▶ _Task item_:
From the first line down to the line containing "Lay them out", print the records below exactly, leaving every picture out.

▶ _Items listed in a dataset_:
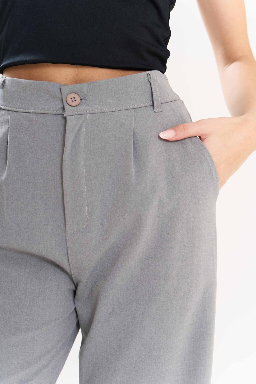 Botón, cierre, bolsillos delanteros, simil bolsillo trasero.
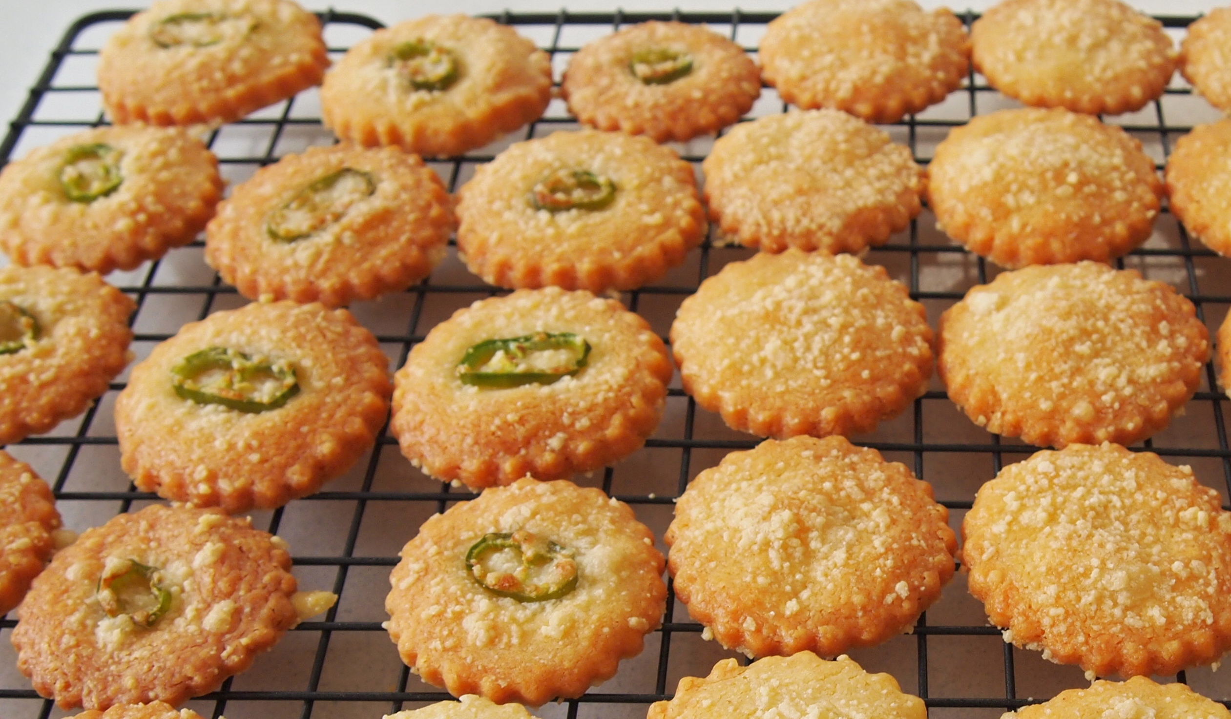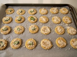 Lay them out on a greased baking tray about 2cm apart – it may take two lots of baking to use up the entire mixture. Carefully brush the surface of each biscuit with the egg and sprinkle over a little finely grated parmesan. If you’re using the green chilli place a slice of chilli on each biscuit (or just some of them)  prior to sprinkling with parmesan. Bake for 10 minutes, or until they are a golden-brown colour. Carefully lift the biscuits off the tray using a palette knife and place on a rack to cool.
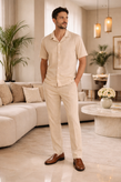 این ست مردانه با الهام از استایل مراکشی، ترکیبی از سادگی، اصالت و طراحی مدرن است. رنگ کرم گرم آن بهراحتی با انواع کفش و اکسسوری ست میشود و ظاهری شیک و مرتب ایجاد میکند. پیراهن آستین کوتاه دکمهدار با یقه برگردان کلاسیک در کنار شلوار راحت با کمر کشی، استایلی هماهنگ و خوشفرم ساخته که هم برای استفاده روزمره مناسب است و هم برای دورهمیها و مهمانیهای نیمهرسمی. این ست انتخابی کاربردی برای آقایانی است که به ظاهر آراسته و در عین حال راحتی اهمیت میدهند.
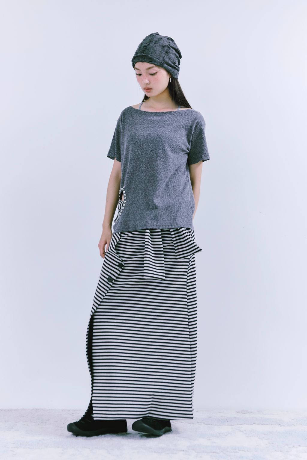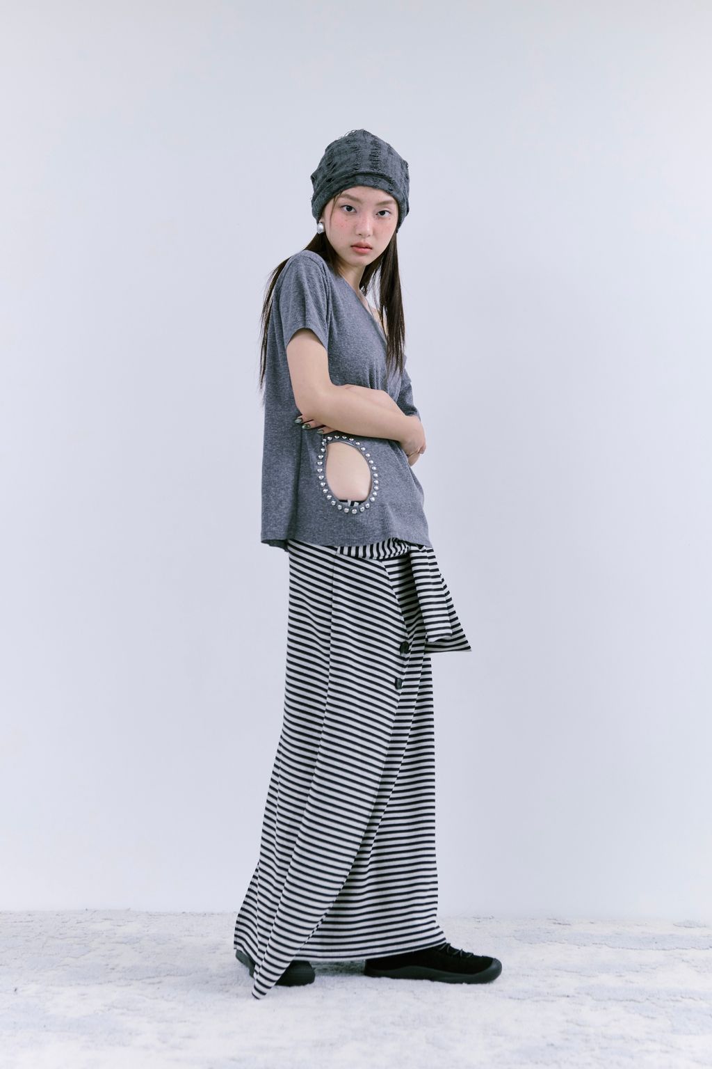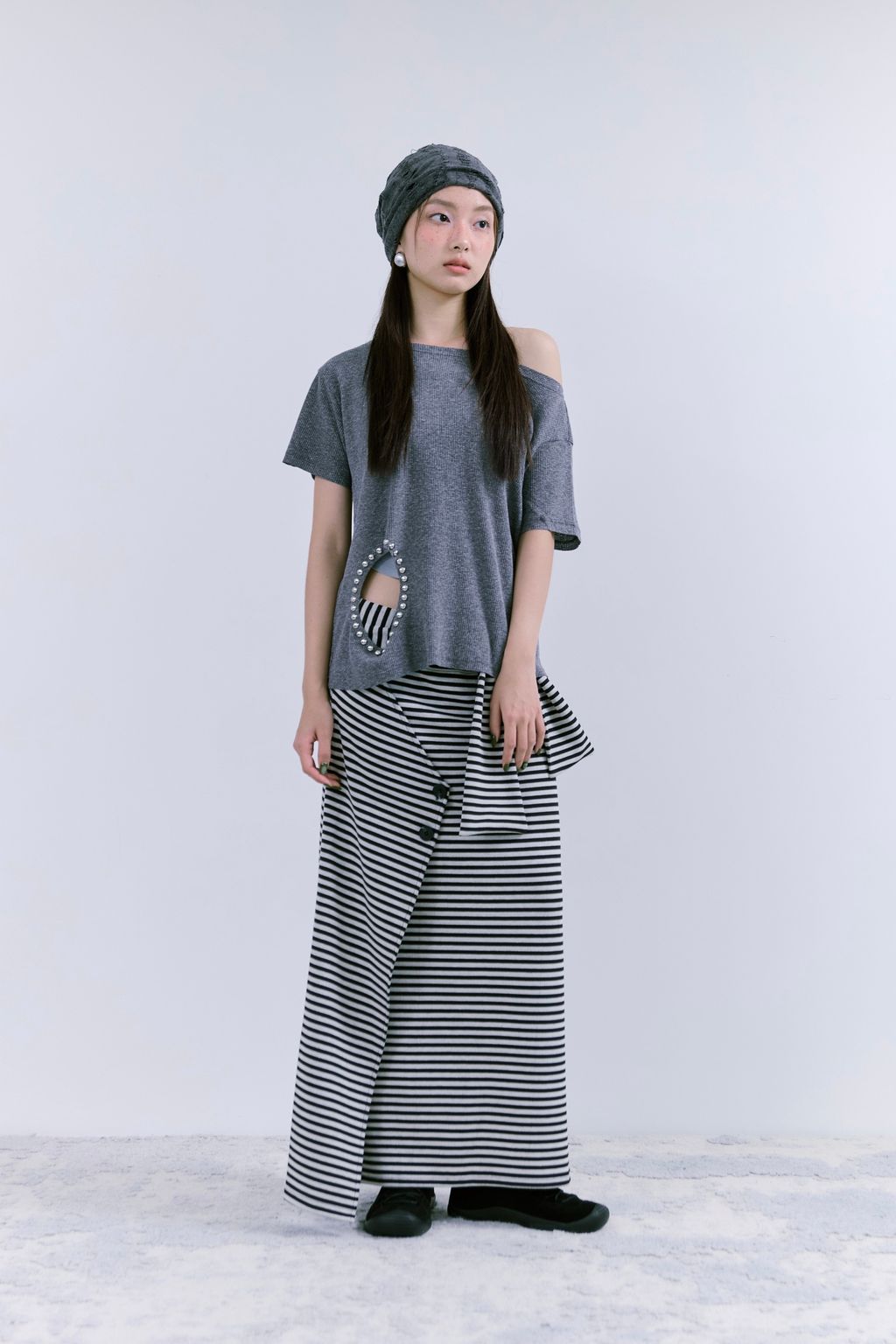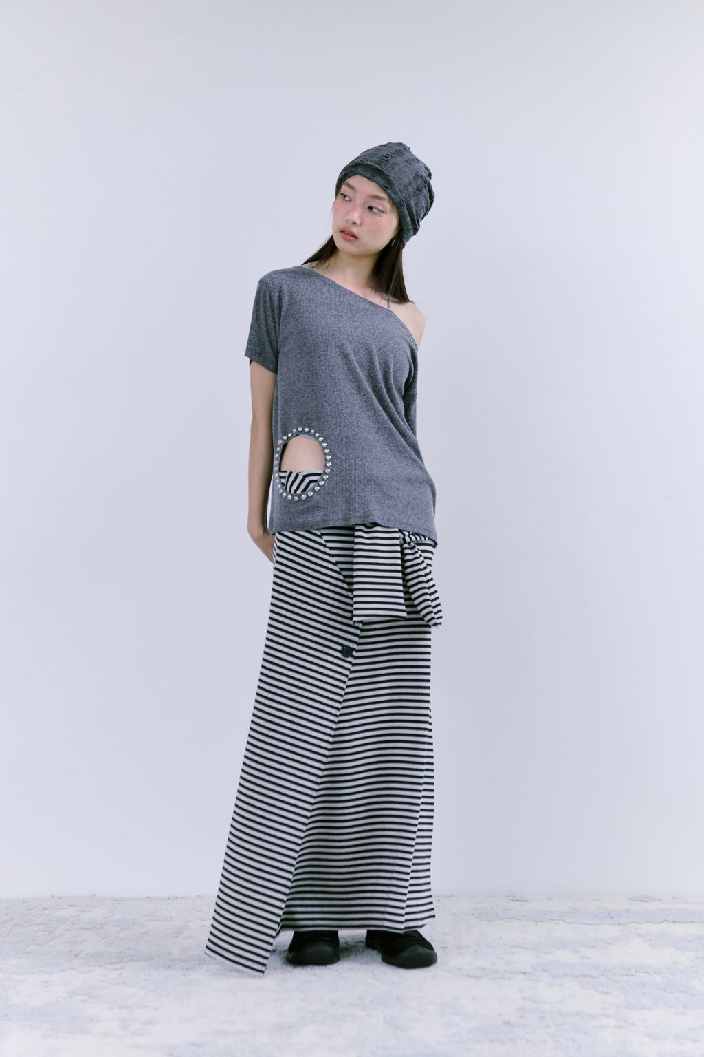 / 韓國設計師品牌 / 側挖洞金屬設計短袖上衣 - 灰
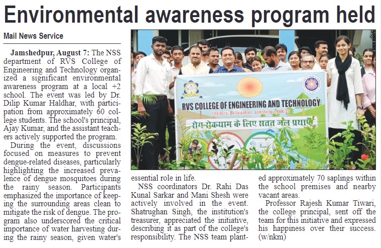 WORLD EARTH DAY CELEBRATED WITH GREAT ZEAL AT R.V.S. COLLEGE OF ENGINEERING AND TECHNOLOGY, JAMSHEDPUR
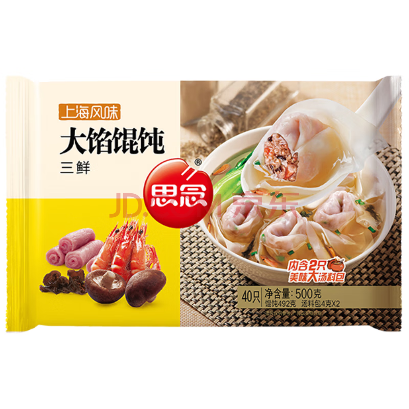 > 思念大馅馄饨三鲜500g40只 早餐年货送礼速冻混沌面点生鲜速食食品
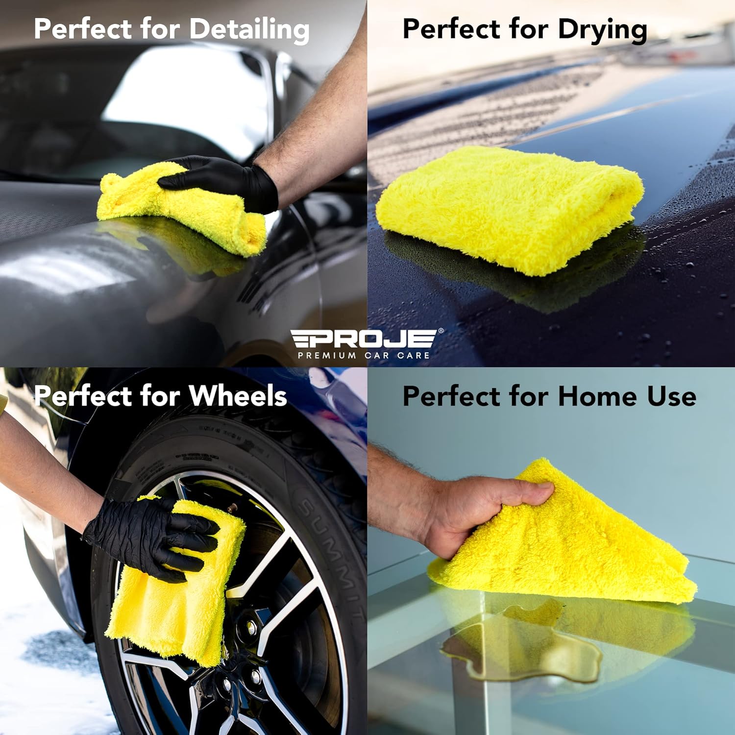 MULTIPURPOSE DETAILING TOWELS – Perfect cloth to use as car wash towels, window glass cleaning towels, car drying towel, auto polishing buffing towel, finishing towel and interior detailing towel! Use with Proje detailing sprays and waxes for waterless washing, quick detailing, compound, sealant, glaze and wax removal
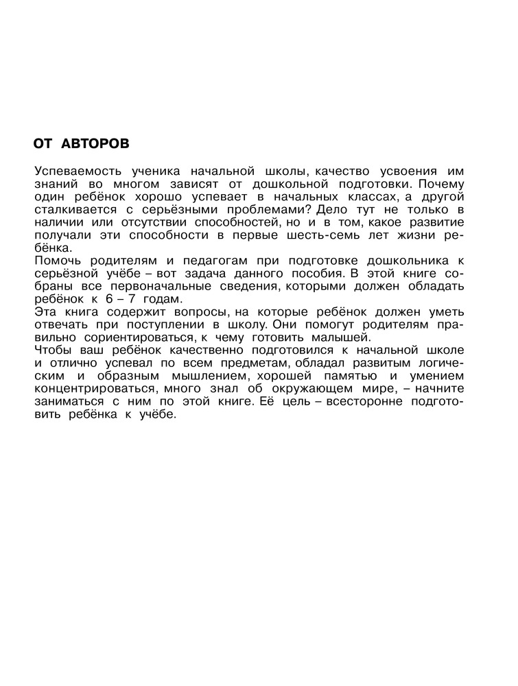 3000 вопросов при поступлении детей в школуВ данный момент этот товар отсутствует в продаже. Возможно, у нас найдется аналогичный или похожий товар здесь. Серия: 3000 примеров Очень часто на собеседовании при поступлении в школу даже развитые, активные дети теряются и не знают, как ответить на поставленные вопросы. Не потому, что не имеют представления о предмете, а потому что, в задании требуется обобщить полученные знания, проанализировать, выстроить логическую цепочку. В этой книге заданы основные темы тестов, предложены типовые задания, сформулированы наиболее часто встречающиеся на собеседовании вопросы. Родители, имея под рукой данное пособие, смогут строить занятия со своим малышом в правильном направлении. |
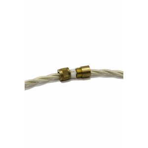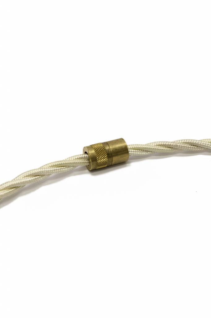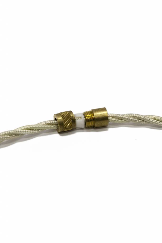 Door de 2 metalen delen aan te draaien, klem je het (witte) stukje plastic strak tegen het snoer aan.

▶ _Written response_:
 Botón, cierre, bolsillos delanteros, simil bolsillo trasero.
 Lay them out on a greased baking tray about 2cm apart – it may take two lots of baking to use up the entire mixture. Carefully brush the surface of each biscuit with the egg and sprinkle over a little finely grated parmesan. If you’re using the green chilli place a slice of chilli on each biscuit (or just some of them)  prior to sprinkling with parmesan. Bake for 10 minutes, or until they are a golden-brown colour. Carefully lift the biscuits off the tray using a palette knife and place on a rack to cool.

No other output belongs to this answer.